Gotta run now – time to put up the tree.
by Liz Flaherty
I love Christmas. It is my favorite holiday for reasons both spiritual and because it is a cherished memory bank of my life. Actually, I love the whole time from Thanksgiving through Christmas. However, that five-or-six week period goes by in the blink of a geriatric eye, so I like to plan ahead.
What I Plan
· Start Christmas shopping immediately following 4th of July fireworks.
· Begin sewing Christmas gifts. Make out schedule for the holidays since I am on deadline. Write from 6:00 AM till noon, sew from 4:00 PM till 6:00 PM. Use other waking hours productively.
· Buy baking necessities in September so that I will have plenty of time to make cookies. Remember parchment paper.
· Early in November. Finish Christmas shopping to avoid Black Friday. Buy turkey and other Thanksgiving needs.

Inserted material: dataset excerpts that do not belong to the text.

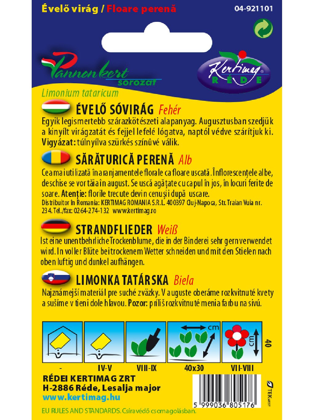 A murvalevelek élénk színe szárítás után is megmarad. Napos fekvést, mérsékelt öntözést igényel.
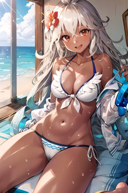 zooey_summer, swimsuit, hair flower, bikini, frilled bikini
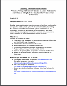 Students examine U.S. policies regarding Native Americans. In this Native American history lesson, students analyze provided primary and secondary sources concerning Red Cloud, Sitting Bull, and the Dawes Act. Students use the provided...
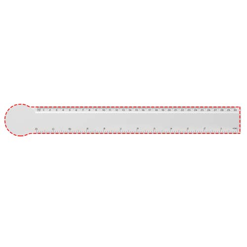 Apļa formas ciets, pārstrādātas plastmasas lineāls ar marķējumu collās vai centimetros.
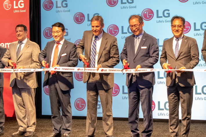 LG전자가 현지시간 29일 美 테네시(Tennessee)주 클락스빌(Clarksville)에 위치한 테네시 생산법인에서 'LG전자 테네시 세탁기공장 준공식'을 가졌다. (왼쪽부터) 마크 그린(Mark Green) 美 연방의회 하원의원, LG전자 북미지역대표 조주완 부사장, 빌 리(Bill Lee) 테네시주 주지사, 송대현 LG전자 H&A사업본부장, 김영준 주애틀랜타 총영사/LG전자 제공
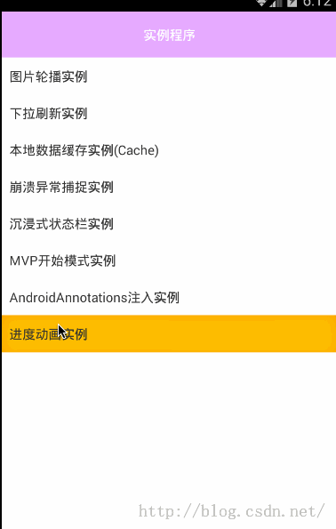 <?xmlversion="1.0" encoding="utf-8"?> <LinearLayoutxmlns:android="http://schemas.android.com/apk/res/android" xmlns:app="http://schemas.android.com/apk/res-auto" android:orientation="vertical"android:layout_width="match_parent" android:layout_height="match_parent"> <LinearLayout android:layout_width="fill_parent" android:layout_height="49dp" android:background="#e7abff" android:gravity="center" > <TextView android:layout_width="wrap_content" android:layout_height="wrap_content" android:layout_centerInParent="true" android:textColor="@color/white" android:text="进度动画实例"/> </LinearLayout> <ScrollView android:layout_width="fill_parent" android:layout_height="fill_parent"> <LinearLayout android:layout_width="fill_parent" android:layout_height="fill_parent" android:orientation="vertical"> <!--BallPulse--> <LinearLayout android:layout_width="fill_parent" android:layout_height="wrap_content" android:orientation="horizontal"> <TextView android:layout_width="wrap_content" android:layout_height="wrap_content" android:layout_centerInParent="true" android:textColor="@color/black" android:text="BallPulse:"/> <com.wang.avi.AVLoadingIndicatorView android:id="@+id/avloadingIndicatorView_BallPulse" android:layout_width="wrap_content" android:layout_height="wrap_content" android:visibility="visible" app:indicator="BallPulse" app:indicator_color="@color/red" /> </LinearLayout> <!--BallGridPulse--> <LinearLayout android:layout_width="fill_parent" android:layout_height="wrap_content" android:orientation="horizontal"> <TextView android:layout_width="wrap_content" android:layout_height="wrap_content" android:layout_centerInParent="true" android:textColor="@color/black" android:text="BallGridPulse:"/> <com.wang.avi.AVLoadingIndicatorView android:id="@+id/avloadingIndicatorView_BallGridPulse" android:layout_width="wrap_content" android:layout_height="wrap_content" android:visibility="visible" app:indicator="BallGridPulse" app:indicator_color="@color/red" /> </LinearLayout> <!--BallClipRotate--> <LinearLayout android:layout_width="fill_parent" android:layout_height="wrap_content" android:orientation="horizontal"> <TextView android:layout_width="wrap_content" android:layout_height="wrap_content" android:layout_centerInParent="true" android:textColor="@color/black" android:text="BallGridPulse:"/> <com.wang.avi.AVLoadingIndicatorView android:id="@+id/avloadingIndicatorView_BallClipRotate" android:layout_width="wrap_content" android:layout_height="wrap_content" android:visibility="visible" app:indicator="BallClipRotate" app:indicator_color="@color/red" /> </LinearLayout> <!--BallClipRotatePulse--> <LinearLayout android:layout_width="fill_parent" android:layout_height="wrap_content" android:orientation="horizontal"> <TextView android:layout_width="wrap_content" android:layout_height="wrap_content" android:layout_centerInParent="true" android:textColor="@color/black" android:text="BallClipRotatePulse:"/> <com.wang.avi.AVLoadingIndicatorView android:id="@+id/avloadingIndicatorView_BallClipRotatePulse" android:layout_width="wrap_content" android:layout_height="wrap_content" android:visibility="visible" app:indicator="BallClipRotatePulse" app:indicator_color="@color/red" /> </LinearLayout> <Button android:id="@+id/progress_start" android:layout_width="wrap_content" android:layout_height="wrap_content" android:text="打开动画"/> <Button android:id="@+id/progress_stop" android:layout_width="wrap_content" android:layout_height="wrap_content" android:text="关闭动画"/> </LinearLayout> </ScrollView> </LinearLayout>
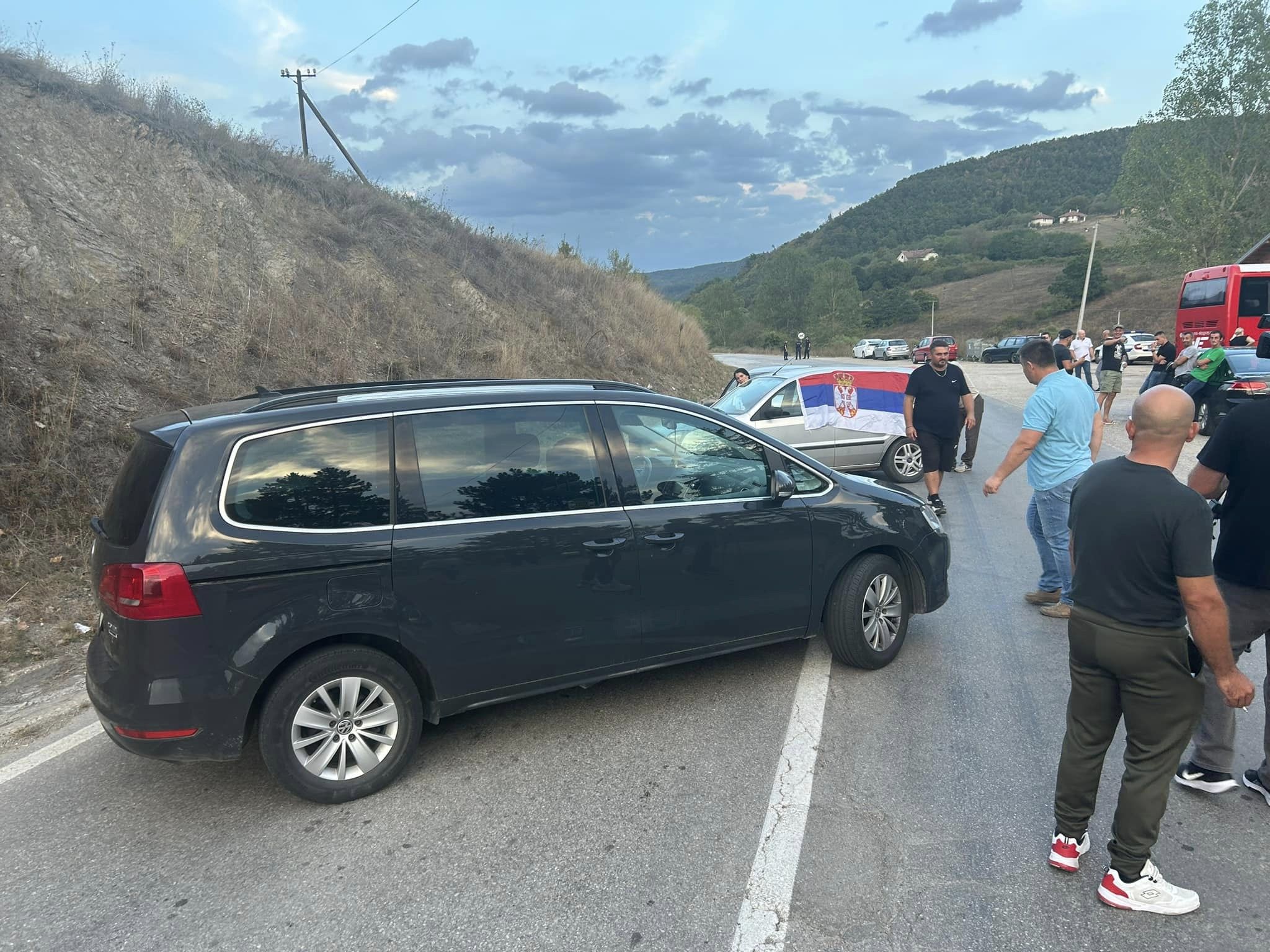 Dy vetura, njëra me një flamur serb në dritaren e pasagjerit, dhe disa persona pranë tyre shihen të vendosur në mes të rrugës që çon në pikën kufitare drejt Kosovës.
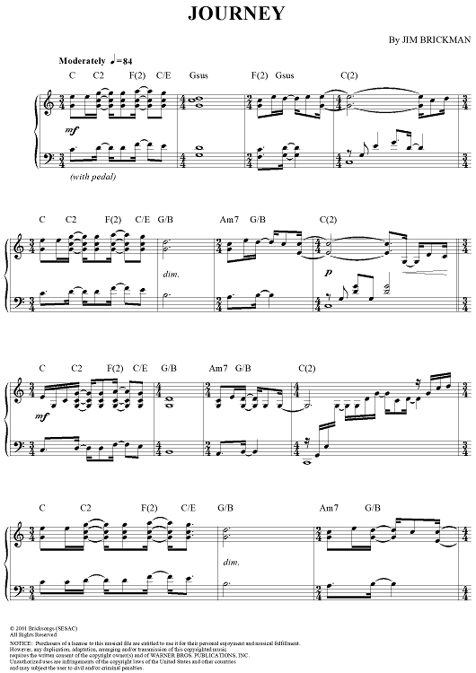 Digital Sheet Music for Journey by Jim Brickman scored for Piano Solo; id:284505

· Wednesday night before Thanksgiving. Go to store to buy a turkey bag because even in the best-laid plans, I forget something. Red and green M & Ms are on display. Buy some.
· Each day until Christmas, do things like wrap gifts or complete a handmade gift.
· By the Sunday night after Thanksgiving, have the tree and all decorations up, half the gifts wrapped, a few batches of cookies in the freezer.
· Enjoy the holidays! God bless us, every one!
|My girls on Black Friday|
What Actually Happens
· Buy wrapping paper, labels, bows, Christmas cards, seasonal paper products, Christmas fabric, and 22 pounds of candy at after-Christmas sales for something like 90% off. Eat the candy. Lose the rest of it.
· When my sister-in-law calls in August and asks if I have my Christmas shopping done, I call her names, hang up, and eat the M & Ms I’ve been stockpiling to make Christmas cookies.
· Buy more M & Ms.
· Lose them.
· Oh, fine, I ate them.
· Decide I will sew aprons for everyone for Christmas. Lay the fabric out neatly on the cutting table. It will remain there until dust gathers on it and I forget what I was going to do with it.
· First baking day in October. Buy more M & Ms. Replace the parchment paper I’ve lost.
· Find the parchment paper from last year and the year before. Put it somewhere that I will remember.
· Thanksgiving Thursday, the day the holiday season begins for me. Remember the meaning of a full heart because all our kids and grands are wherever we’ve chosen to gather. I am never a perfectionist, but this day is truly perfect. It goes by in minutes.
· Black Friday. Go shopping because it’s so much fun. Buy things no one needs but are on sale. Go home smelling like every single tester in Bath and Body Works. Show my husband the purse he just bought me for Christmas.
· Saturday after Thanksgiving. Husband can’t help get tree and decorations out of the attic because of rotator cuff surgery—what an excuse!—so I do the sensible thing and buy a new tree. And some ornaments. Put tree up and discover flocked trees shed white stuff indiscriminately. Run vacuum. Run it again. Husband keeps sling on for no better reason than they told him to. Run the vacuum again.
· All of December. Try to catch up with myself.
· December 24. Finish Christmas shopping. Say “Where did the time go?” 37 times. Search frantically for the cellophane tape I know I bought. Use Band-aids to secure packages.
· December 25. Everything is perfect. I've enjoyed the holidays! God bless us, every one!